On 21 Apr, 16:21, "J.O. Aho" <u...@example.net> wrote:
> Robin wrote:
> > The maindata one contains, as the name suggests, all of my flights,
> > with the other tables holding extended information about the aircraft
> > and airfields I use day-to-day.
>
> > If I were to let other people use this system, would I:
> > a) Create another maindata table for each user (called maindata1,2
> > etc. for example)
> > or
> > b) Just keep everything in one table and have a unique reference for
> > each flight entry?
>
> Much is up to your skills and what rights you have on the database.
>
> The advantage with A is that each user can make changes (update/delete)
> without it causing problems for the other users, if editing at the same time.
>
> B has the advantage that it's a lot more easy to search for data, with locking
> the table when making changes, would prevent that the data would be messed up
> (this way you are at the level of A, but you need to do checks in your scripts
> and retry after the table lock has been removed).
>
> Most people would go with B, I think, but not everyone will be thinking of
> locking the table.

Thanks for the quick reply!
If, theoretically, my scripting skills were so amazing that, say,
20,000 people wanted to use my database, I suppose A would have to be
the method otherwise the data table would be locked out most of the
time and people couldn't enter their data?
Also if you are trying to keep data private, would it be possible for
anyone with read access to a single table to read everyone else's
data, by doing a select * query (or similar)?

Robin wrote:
> On 21 Apr, 16:21, "J.O. Aho" <u...@example.net> wrote:
>> Robin wrote:
>>> The maindata one contains, as the name suggests, all of my flights,
>>> with the other tables holding extended information about the aircraft
>>> and airfields I use day-to-day.
>>> If I were to let other people use this system, would I:
>>> a) Create another maindata table for each user (called maindata1,2
>>> etc. for example)
>>> or
>>> b) Just keep everything in one table and have a unique reference for
>>> each flight entry?
>> Much is up to your skills and what rights you have on the database.
>>
>> The advantage with A is that each user can make changes (update/delete)
>> without it causing problems for the other users, if editing at the same time.
>>
>> B has the advantage that it's a lot more easy to search for data, with locking
>> the table when making changes, would prevent that the data would be messed up
>> (this way you are at the level of A, but you need to do checks in your scripts
>> and retry after the table lock has been removed).
>>
>> Most people would go with B, I think, but not everyone will be thinking of
>> locking the table.
>
> Thanks for the quick reply!
> If, theoretically, my scripting skills were so amazing that, say,
> 20,000 people wanted to use my database, I suppose A would have to be
> the method otherwise the data table would be locked out most of the
> time and people couldn't enter their data?

If they try to edit at the same time (creating new data usually don't cause
any problems, it's when you edit/delete data that things can go really wrong).


> Also if you are trying to keep data private, would it be possible for
> anyone with read access to a single table to read everyone else's
> data, by doing a select * query (or similar)?

If you have everything in a table, then all who has read access to the table
can read everything anyone else has written (assuming they have direct access
to the database), but most systems has a frontend and it's in those cases the
frontend that checks who has access to what.

Just take a look at a portal like www.power.org, even if all the userdata is
stored in the same table, you don't have access to read other users data.

--

//Aho

Robin wrote:
> I'm in commercial aviation and I keep all my logbook in a MySQL
> database.
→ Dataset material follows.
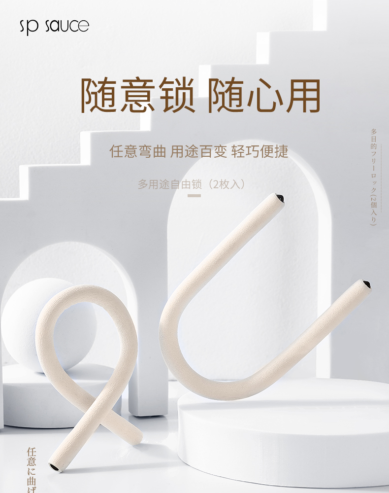 D 多用途自由锁(2枚入) 任意S型挂钩多功能弯曲免打孔橱柜随意锁钩子门后衣帽杂物收纳架

I've written some scripts to pull the data out in the
> formats I like etc. but so far it's just a local system. Ideally, I'd
> like to put it on the web and then let other people use it.
>
> However, in my database there are 3 tables:
> aircraft
> airfields
> maindata
>
> The maindata one contains, as the name suggests, all of my flights,
> with the other tables holding extended information about the aircraft
> and airfields I use day-to-day.
>
> If I were to let other people use this system, would I:
> a) Create another maindata table for each user (called maindata1,2
> etc. for example)
> or
> b) Just keep everything in one table and have a unique reference for
> each flight entry?
>
> I think a is the right answer, but if someone could tell me
> definitely, I would be much obliged.
> The other tables are shared data anyway so would be used by all.
>

Keep everything in one table.

Comments about everyone having read access to it are immaterial. You're
only going to have one MySQL user (or maybe two) accessing the table
itself - that's going to be the one the script uses. And it will have
access to all tables, anyway.

For instance - you don't think Amazon creates a separate table for every
person's shopping cart, do you?

The way to do this is to have a user id column in your maindata table,
and a user's table. The user's table has an internal id, their login,
(encrypted) password and other info you want.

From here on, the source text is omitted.